When your senior loved one is in the ICU
August 31, 2015
Having a senior loved one hospitalized in an intensive care unit can be a frightening and stressful experience. In many cases the patient is often unable to communicate his or her wishes, and the responsibility can fall on the family caregiver to decide on a course of action. Here are some tips to help you through this often overwhelming process.
1. Ask questions. Check in with the doctors and nurses regularly to stay abreast of your loved one’s diagnosis, prognosis, and plan of care. In ICUs, the care team – often consisting of the attending physician, the nurse practitioner or physician’s assistant, the bedside nurse, and resident if it is a teaching hospital- usually makes “rounds” on all their patients at least once a day. Get an idea of who is on this team and when regular rounds should take place and try to be at the bedside at that time. Of course staff are always busy but don’t be afraid to ask for clarification if you don’t understand something. As their caregiver, the better you understand your loved one’s condition, the better equipped you will be to make decisions regarding their care.
2. Focus on the big picture. When patients are critically ill, the healing process can seem excruciatingly slow. Try not to stare at the monitor or obsess over tiny fluctuations in vital signs. Improvement is often measured in days, weeks, and sometimes months, not minutes and hours. Celebrate the small victories, but don’t let minor setbacks get you down.
3. Get some rest. Families and caregivers often feel obligated to stay at the bedside day and night, neglecting their own needs. You may be tempted to forego sleep, food, or even hygiene in favor of staying by your loved one’s side. Realistically, it’s not possible to keep that up for long before crashing. The best way you can help your loved one is by taking care of yourself, keeping a clear mind and not making decisions when overstressed or exhausted. This is especially true when your loved one is sedated or comatose and is not aware of your presence. Save your energy for when they can appreciate your company.
4. You can’t always trust “Dr. Google.” It’s great to educate yourself as much as possible and research your loved one’s condition, but remember to consider the source. Is your information coming from peer-reviewed, scientific journal articles, or internet forums where anyone with a computer can post their opinion? There is a vast quantity of information available on the web, and sifting through the detritus to get to the facts can be a monumental task. Remember, ICUs are specialized based on the patient’s diagnosis, and your loved one’s doctor has probably seen many similar cases. Trust her judgment unless it strikes you as dangerous or contrary to your loved one’s wishes.

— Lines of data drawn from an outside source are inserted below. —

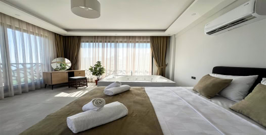 1.Yatak Odası: Çift kişilik yatak, jakuzi, klima,elbise dolabı, makyaj masası,tuvalet ve banyo bulunmaktadır.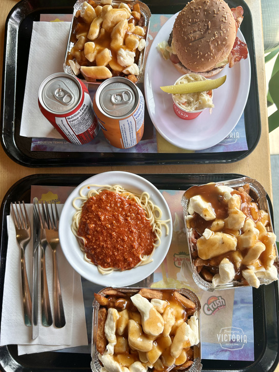 Nous en avons profité pour y dîner, cette fois-ci, avant de poursuivre notre route vers Boisbriand. J’y ai beaucoup aimé la nouvelle poutine Aloha, qui est garnie d’ananas et de jambon effiloché. Et nous prenons toujours des milkshakes pour le dessert… Une valeur sûre, si vous passez dans le coin!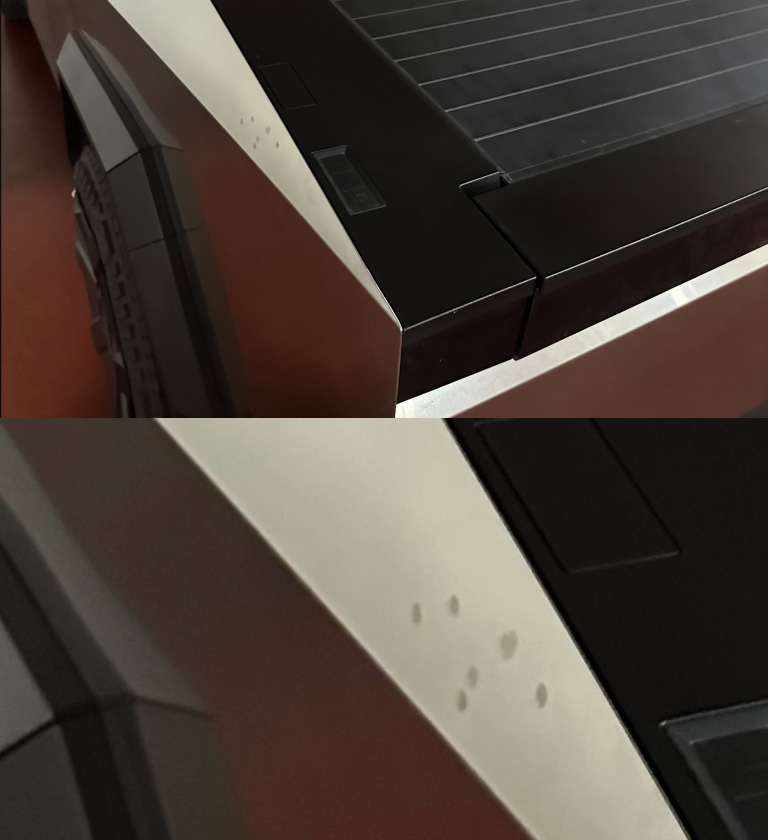 Матовый металл, из которого состоит кузов Cybertruck, оказался очень марким. Он собирает на себя пыль и грязь, на нем остаются даже отпечатки ладоней. Собственно, по фотографиям отлично видно, как будет выглядеть авто после поездки по пыльной дороге. Так что хозяевам придется прикладывать немало усилий, чтобы поддерживать Cybertruck в презентабельном виде.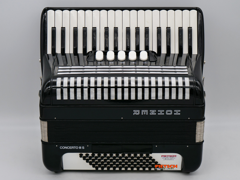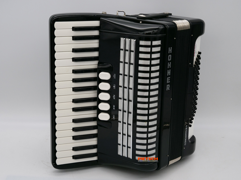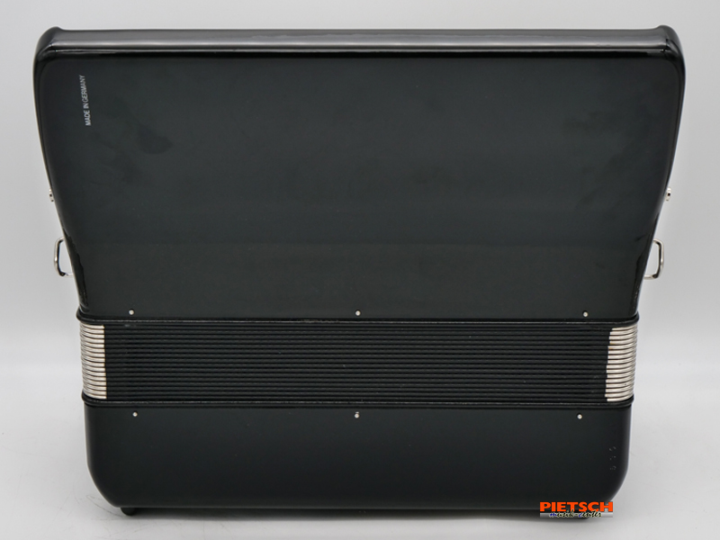 Piano Akkordeon, Farbe: Schwarz, Gebraucht, guter Zustand, Überarbeitet und gestimmt, 34 Tasten, Chöre im Diskant: 3, Diskantregister: 5, 72 Bässe, Chöre im Bass: 4, 2 Bassregister, Maße in cm: ca. 39,4 x 18,5, Gewicht: handgewogen ca. 6,75 kg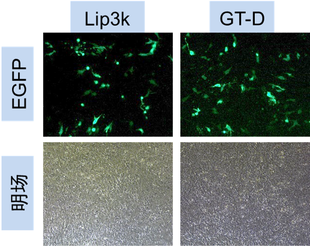 图1. 长春金传科技有限公司的GoldenTran-D产品在C2C12细胞内转染pEGFP质粒24h的绿色荧光蛋白表达和细胞明场照片。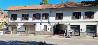 Restauro parziale della facciata di un edificio commerciale su strada, con stuccature, rasature e nuova tinteggiatura.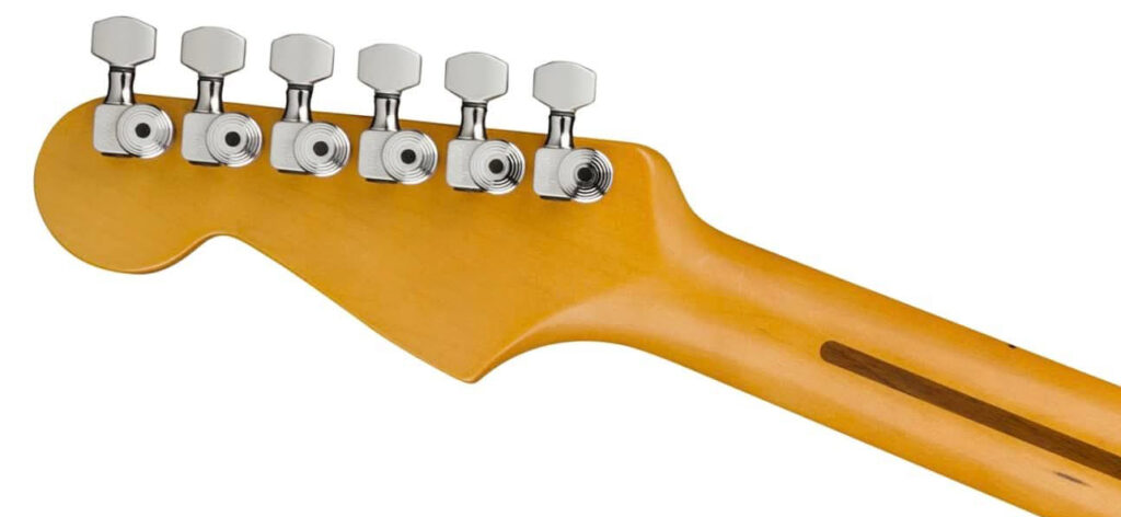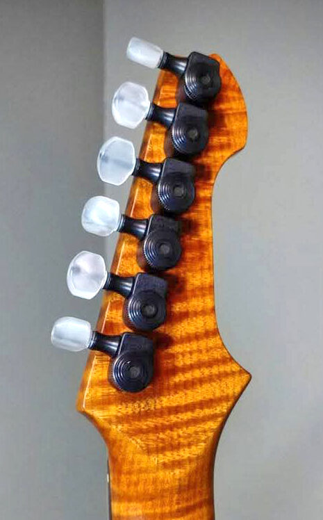 ● 1983年、Sperzelはギター界にロック式チューニングキー「Trim-Lok」を発表しました。このキーは、弦をしっかりと固定するため、弦ポストに巻き付けたり、何度も巻き付けたりする必要がありません。巻き付けたりすることで弦が滑ってチューニングの安定性に問題が生じることはありません。また、Trim-Lok 6L は弦ポストの高さを3段階に加工しているため、弦ツリーやロックナットなど、弦の振動を抑制し、チューニング中に摩擦を引き起こすような装置は一切不要です。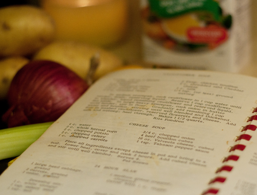 I have several old cookbooks that the ladies of my church published many, many years ago. I still go back to them for those tried and true recipes that I remember savoring at potluck dinners. This recipe is for Cheese Soup and is one my family’s favorite. It’s from one of the best cooks at our church who happens to be one of my best friends. Whenever I have a question about recipes, kids, or life in general, I can always call her and get sound advice or just a listening ear.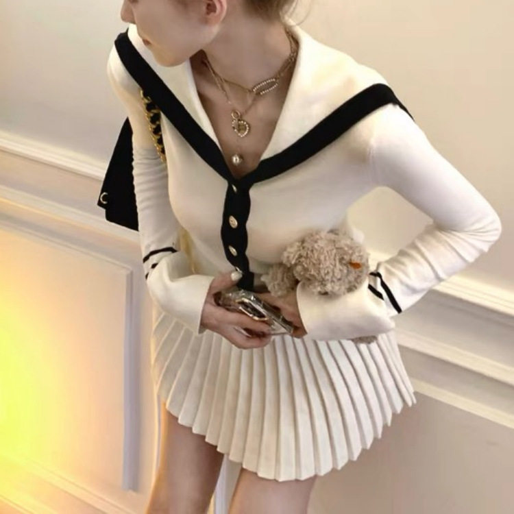 Autumn two-piece skirt Autumn New Navy style knitted waist-tight fashion suit women's clothing small early autumn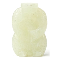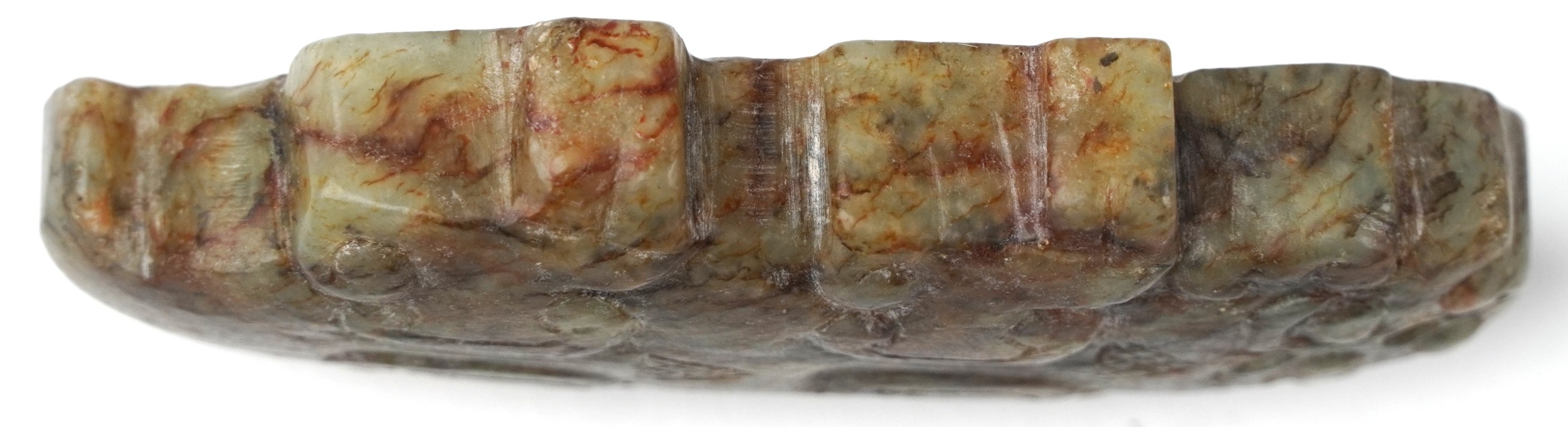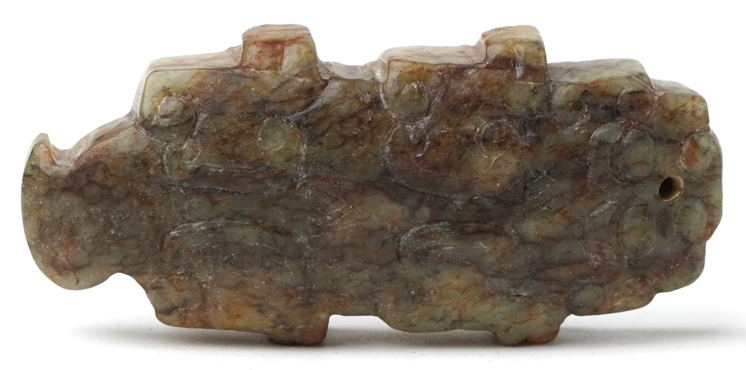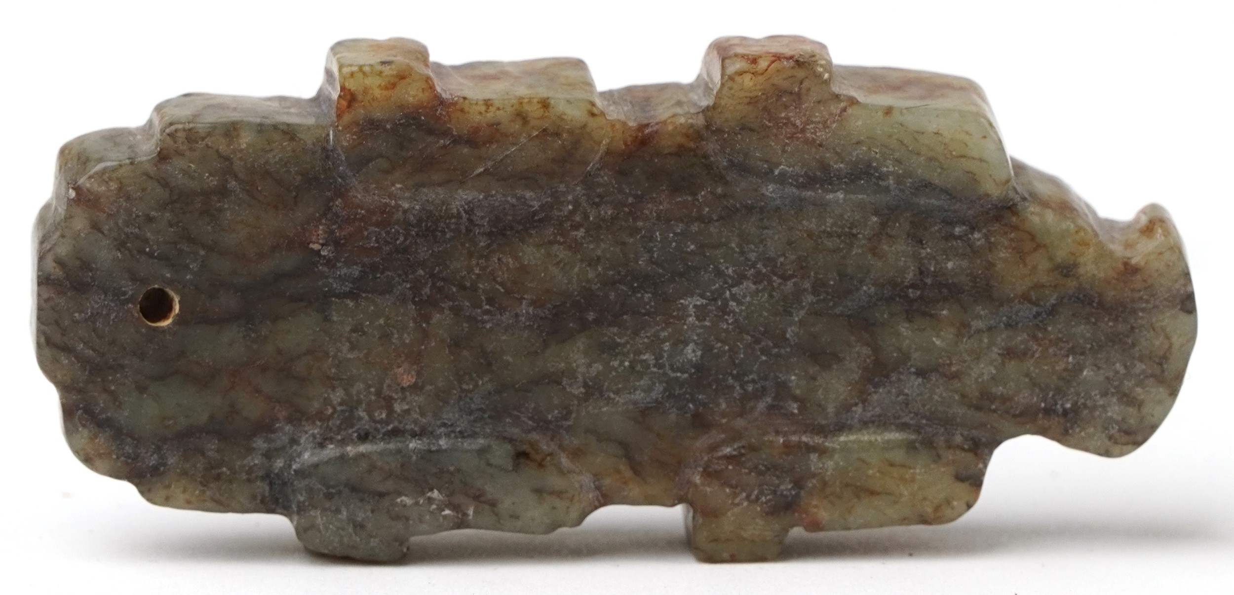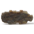 A Chinese green stone carving of an alligator, 6.9cm high, 5...

5. Keep communication open and positive. We’ve all heard the saying “the squeaky wheel gets the grease,” but in reality this approach can often be counterproductive. Advocate for your loved one, ask questions, but remain polite and respectful. ICU nurses work long hours on their feet, providing care for the sickest of the sick, and your loved one is probably not their only patient. Be patient and try to keep things in perspective. Your loved one’s care team is there to help and will respond proactively when you communicate in a cooperative manner.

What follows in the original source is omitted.